Records drawn from a dataset
[Start of section]
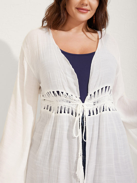 Crochet Lace-Up Tassel Tie Flared Sleeve Cardigan
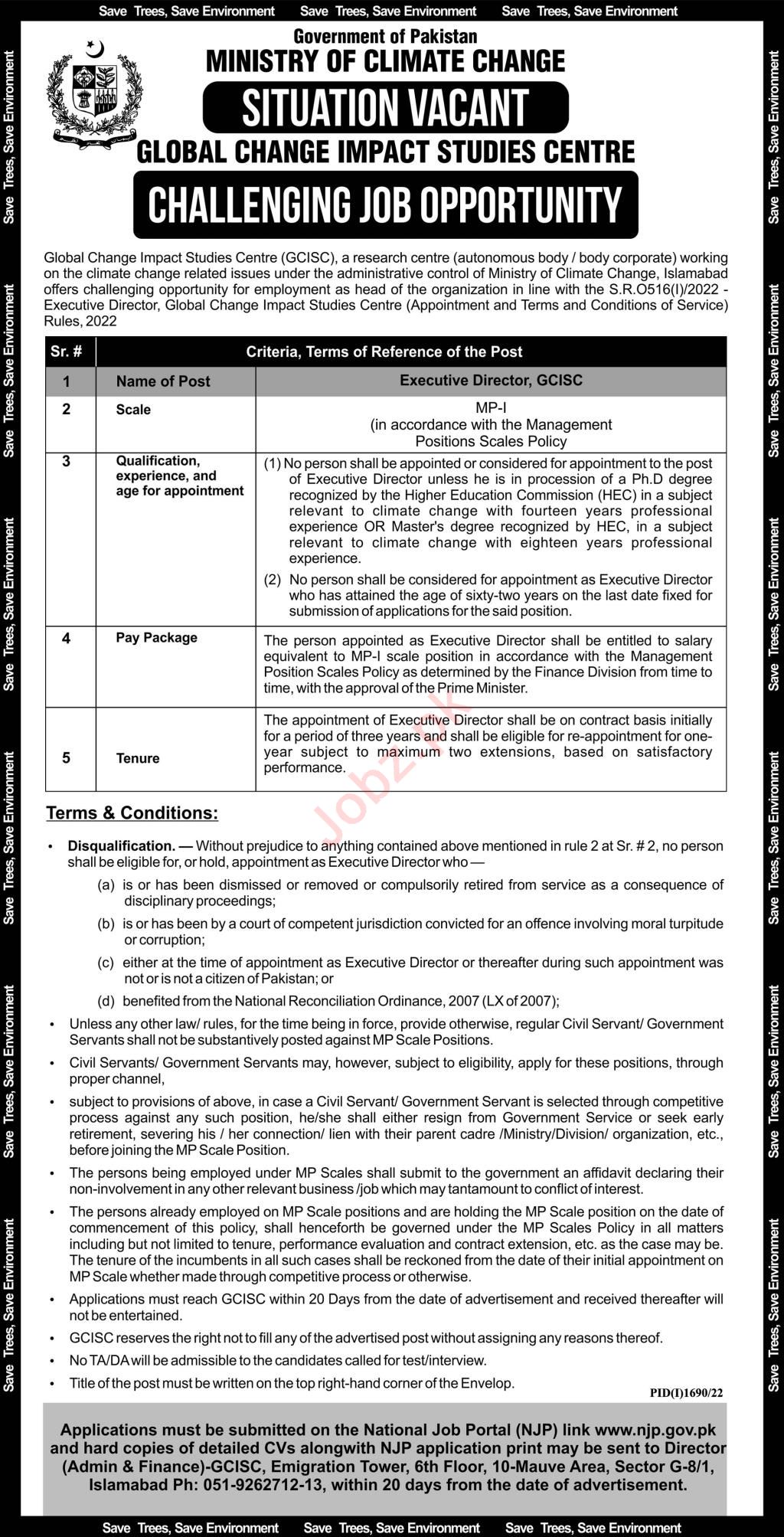 Vacancies in Ministry of Climate Change Advertisement September 2022
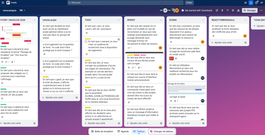 Le suivi de taches se fait sur Trello, dans lequel nous avons plusieurs colonnes selon le statut de la tâche à effectuer
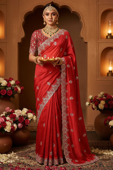 Georgette Fabric Red Color Riveting Saree With Fancy Work
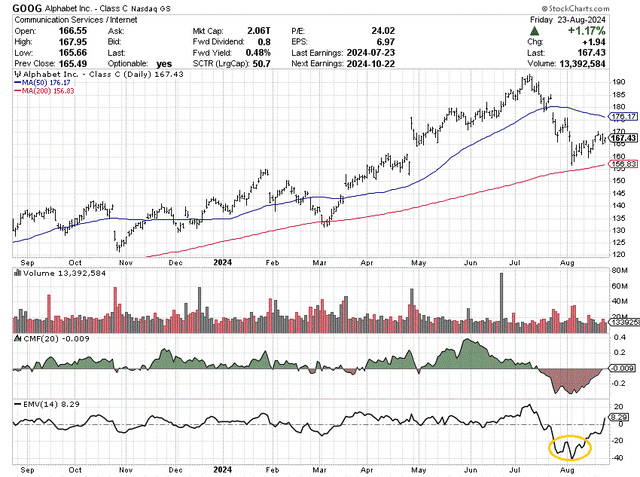 StockCharts.com – Alphabet, 1 Year of Daily Price & Volume Changes, Author Reference Point
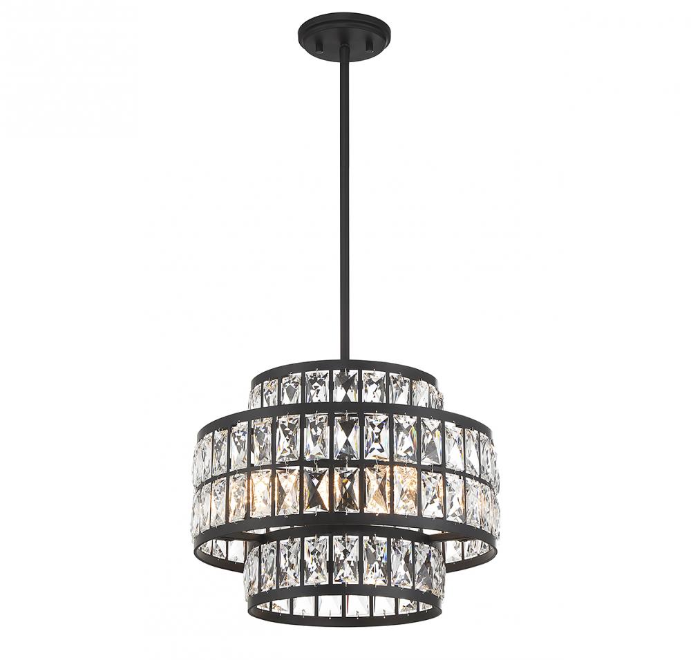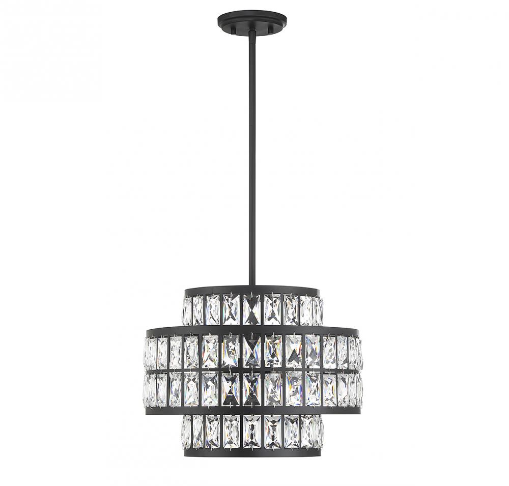 It is often said that lighting is the jewelry of the home and the Savoy House Renzo 3-light pendant is a perfect example of this saying. Faceted clear crystal decorates the two layers of shades, which overlap in an intriguing way and are finished in matte black. Renzo is 16" in width and has an adjustable height ranging from 18" to 66". Comes with four 12" downrods and one 6" downrod. It uses 3 standard size bulbs of up to 60 watts per bulb (bulbs not included).
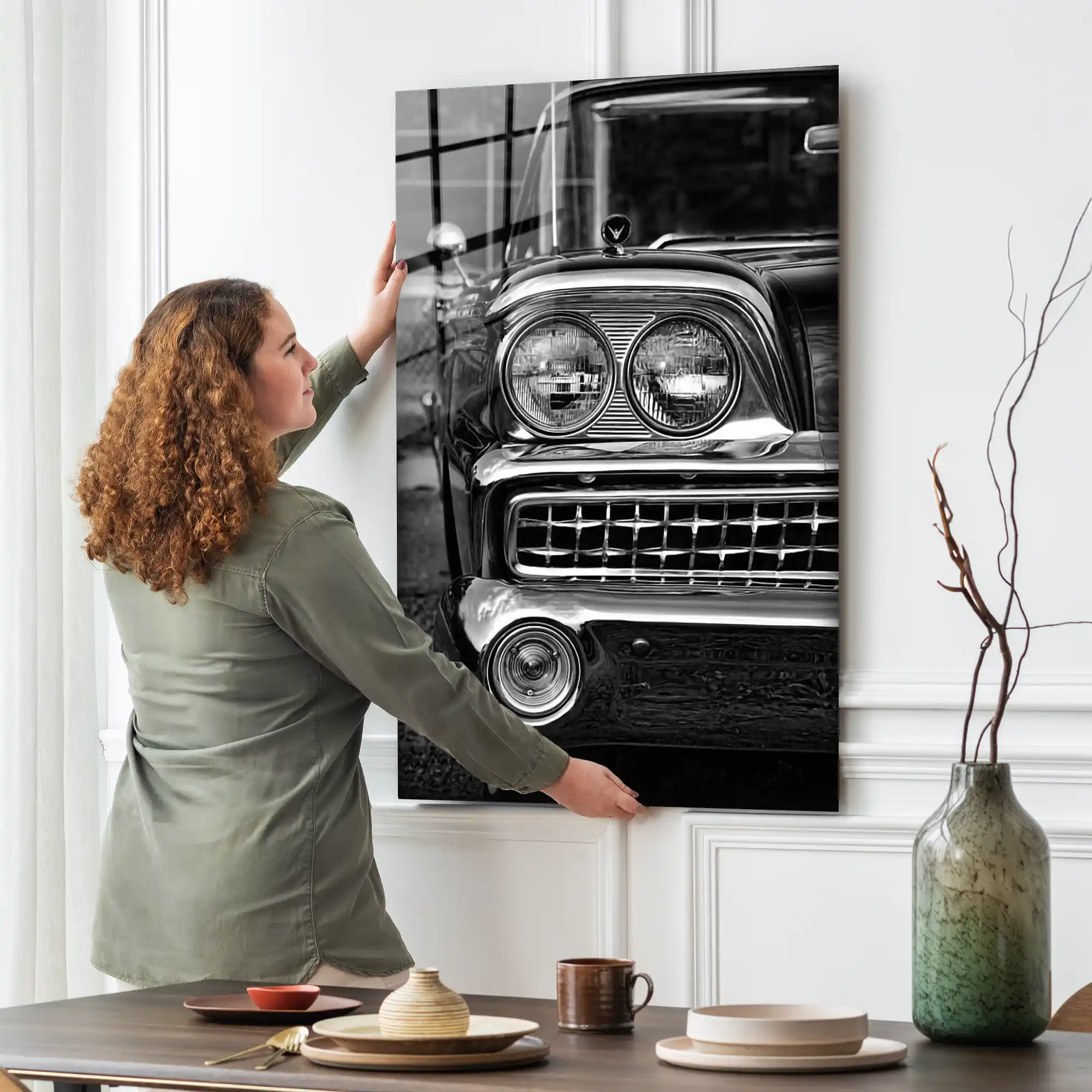 Otomobilin devasa krom ızgarası ve çiftli farları, dönemin lüks anlayışını ve mühendislik cesaretini yansıtırken, siyah beyaz kontrast, fotoğrafın sanatsal ve güçlü duruşunu maksimize ediyor. Kromun parlak yansıması ve gövdenin derin siyah tonları, izleyeni doğrudan o dönemin şık sokaklarına götürüyor. Bu eser, sadece bir araba fotoğrafı değil; Amerikan otomotiv tarihine, vintage tasarıma ve zamansız stilin gücüne adanmış, çarpıcı ve sofistike bir saygı duruşudur. Camın parlak yüzeyi, bu derin siyah-beyaz kontrastı ve krom detayların yansımasını evinize taşıyarak klas ve sanatsal bir atmosfer yaratır.
[End of section]
> [Problem]
Your answer must contain the full data, repeated exactly, without pictures.

> [Solution]
 Crochet Lace-Up Tassel Tie Flared Sleeve Cardigan
 Vacancies in Ministry of Climate Change Advertisement September 2022
 Le suivi de taches se fait sur Trello, dans lequel nous avons plusieurs colonnes selon le statut de la tâche à effectuer
 Georgette Fabric Red Color Riveting Saree With Fancy Work
 StockCharts.com – Alphabet, 1 Year of Daily Price & Volume Changes, Author Reference Point
 It is often said that lighting is the jewelry of the home and the Savoy House Renzo 3-light pendant is a perfect example of this saying. Faceted clear crystal decorates the two layers of shades, which overlap in an intriguing way and are finished in matte black. Renzo is 16" in width and has an adjustable height ranging from 18" to 66". Comes with four 12" downrods and one 6" downrod. It uses 3 standard size bulbs of up to 60 watts per bulb (bulbs not included).
 Otomobilin devasa krom ızgarası ve çiftli farları, dönemin lüks anlayışını ve mühendislik cesaretini yansıtırken, siyah beyaz kontrast, fotoğrafın sanatsal ve güçlü duruşunu maksimize ediyor. Kromun parlak yansıması ve gövdenin derin siyah tonları, izleyeni doğrudan o dönemin şık sokaklarına götürüyor. Bu eser, sadece bir araba fotoğrafı değil; Amerikan otomotiv tarihine, vintage tasarıma ve zamansız stilin gücüne adanmış, çarpıcı ve sofistike bir saygı duruşudur. Camın parlak yüzeyi, bu derin siyah-beyaz kontrastı ve krom detayların yansımasını evinize taşıyarak klas ve sanatsal bir atmosfer yaratır.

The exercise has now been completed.